In recent years, however, fiber-reinforced composite materials have gained a lot of attention, and their applications have been subdivided into various fields, requiring molding materials with excellent moldability, handleability, and mechanical properties of the resulting molded products. In addition, industrially higher economic efficiency and productivity have become necessary. For example, by increasing the low molecular weight impregnation property, reducing the process load, proposing a molding material with higher heat resistance, and improving the fiber dispersibility during molding, the fiber length It has become necessary to develop a wide variety of technologies, such as further increasing the mechanical properties and further improving the surface appearance.
Japanese Patent Laid-Open No. 10-138379

  The present invention attempts to improve the problems of the prior art, and in a molding material composed of a continuous reinforcing fiber bundle and a thermoplastic resin, molding is performed by using a thermoplastic resin having better impregnation into the reinforcing fiber bundle. Without impairing the economy and productivity in the process of manufacturing the material, and when performing injection molding, the dispersion of the reinforcing fiber in the molded product is good, and the fluidity and handleability are excellent. An object of the present invention is to provide a molding material capable of easily producing a molded product having characteristics.
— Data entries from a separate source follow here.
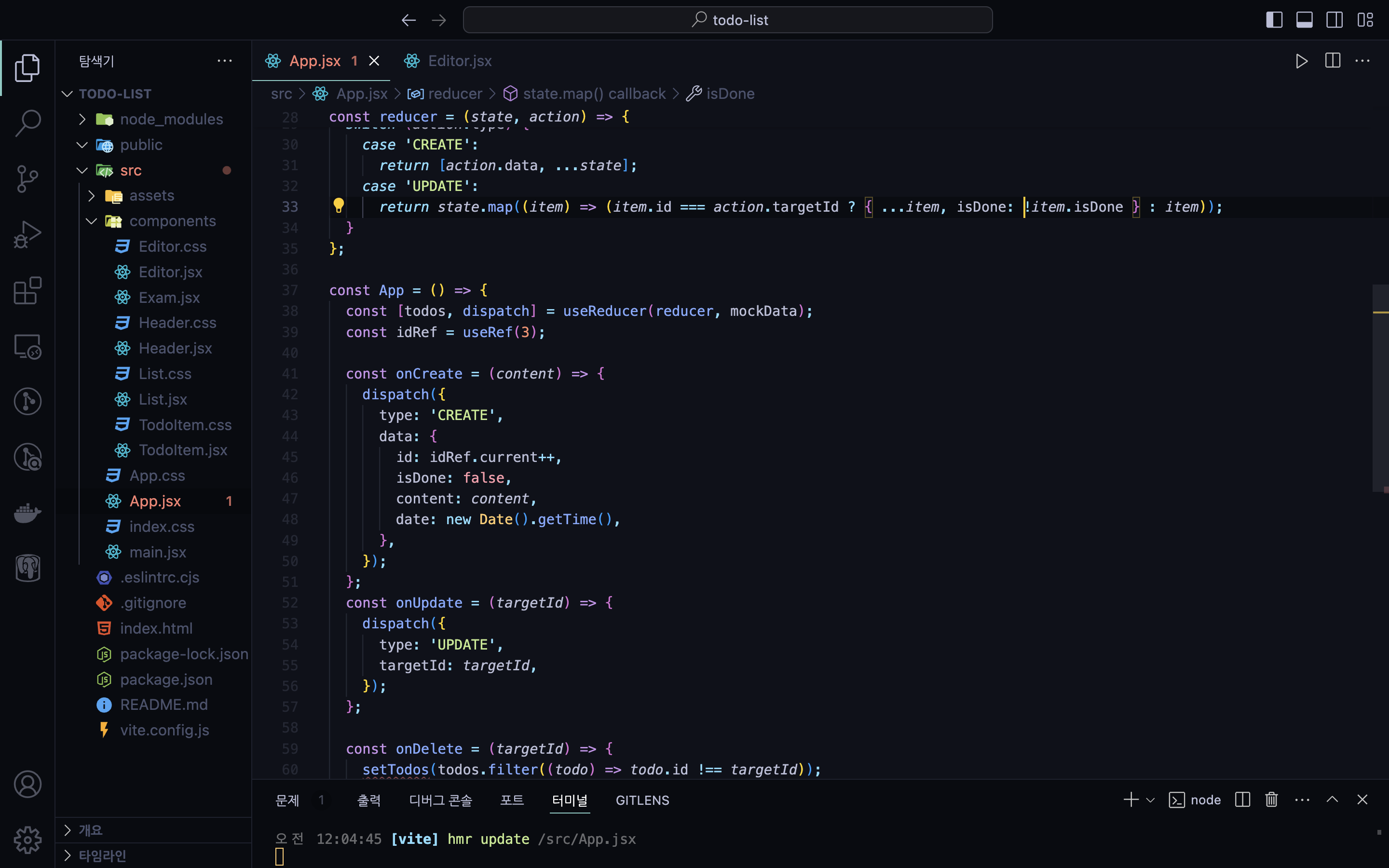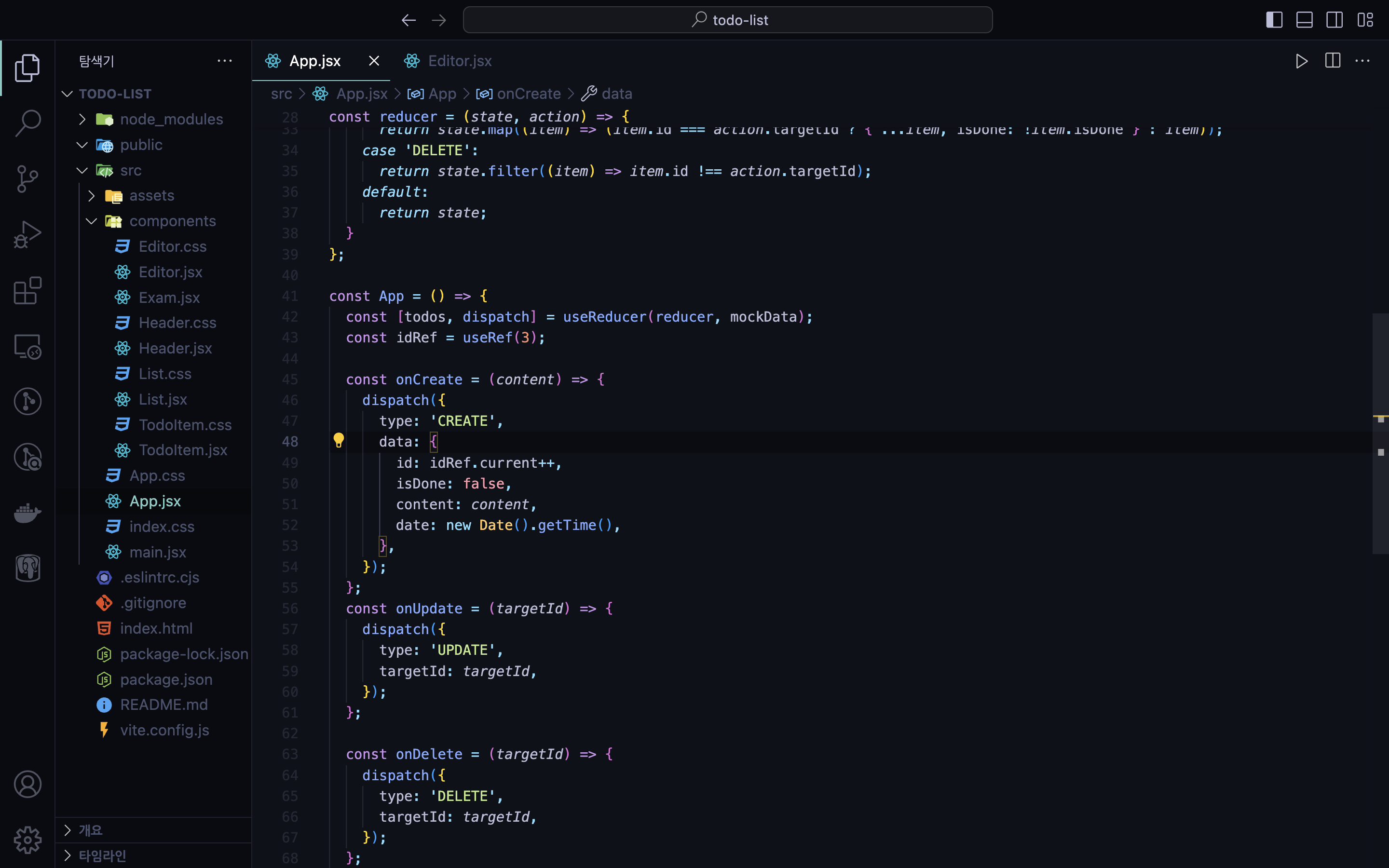 기존의 상태 관리 함수 onCreate, onUpdate, onDelete를 useReducer를 통해 refactoring 해본다.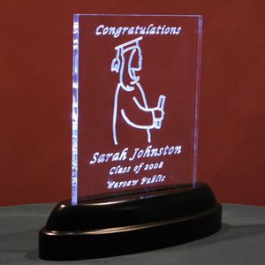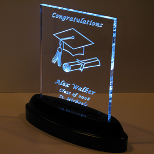 Graduations - These 8" x 10" x 1/2" thick, LED illuminated acrylic pieces can be modified for any type of graduation. It can be male or female and can even include 3D institutional logos.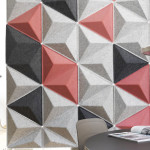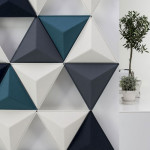The modules are assembled together using small plastic clips, and each module is angled and has a tapered shape. The pattern formed by combining several modules can be varied in a virtually infinite number of ways. The angles diffuse sound waves, and the product thus helps create a better sound environment. Aircone is made from compression-moulded fabric-covered fibre felt and is available in a range of colours. It can be hung from the ceiling or against the wall on an aluminium rail.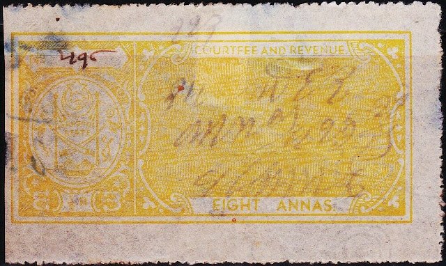 INDIAN PRINCELY STATE MANGROL 8AN COURT FEE REVENUE RARE OLD FISCAL STAMPS #3031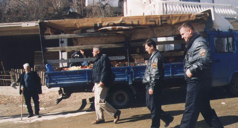 Ethnically mixed police patrols conduct routine checks in the village of Srbinovo, former Yugoslav Republic of Macedonia, February 2002. (Marko Georgiev)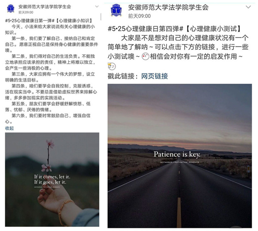 为进一步宣传普及心理健康知识,培养同学们关爱自我、悦纳自己、珍爱生命的意识,提高同学们心理素质水平。36365官网结合学院特点、突出专业优势,积极开展第六届“5·25大学生心理健康月”系列活动。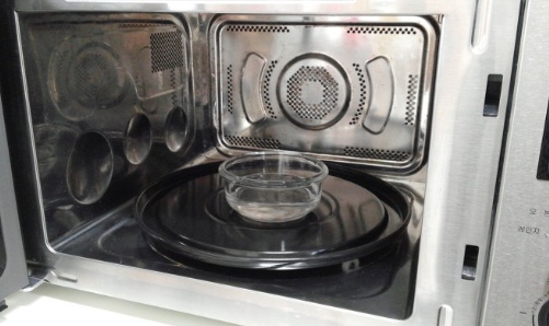 그릇에 뜨거운 물을 담아 전자레인지에 2분~3분 정도 돌리면 수증기가 생겨 전자레인지 청소하기가 편하다고 합니다.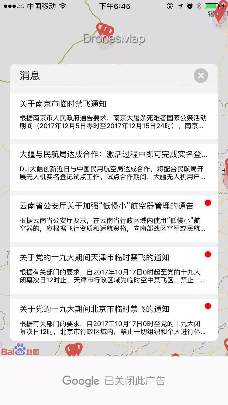 软件内置最新国际禁飞区区域划分 不急能看到国内的,国外的限飞,并且能够实时获取最新的天气状况数据,包括流、天气预报、风速、风向等。

The present invention for solving such problems has the following configuration. That is,
(1) Polyarylene sulfide prepolymer (B) 0 containing 1 to 50% by weight of continuous reinforcing fiber bundle (A), containing at least 50% by weight of cyclic polyarylene sulfide and having a weight average molecular weight of less than 10,000 A molding material comprising 1 to 10% by weight and 40 to 98.9% by weight of a thermoplastic resin (C), wherein a composite comprising the component (A) and the component (B) is mixed with the component (C ) Is a molding material.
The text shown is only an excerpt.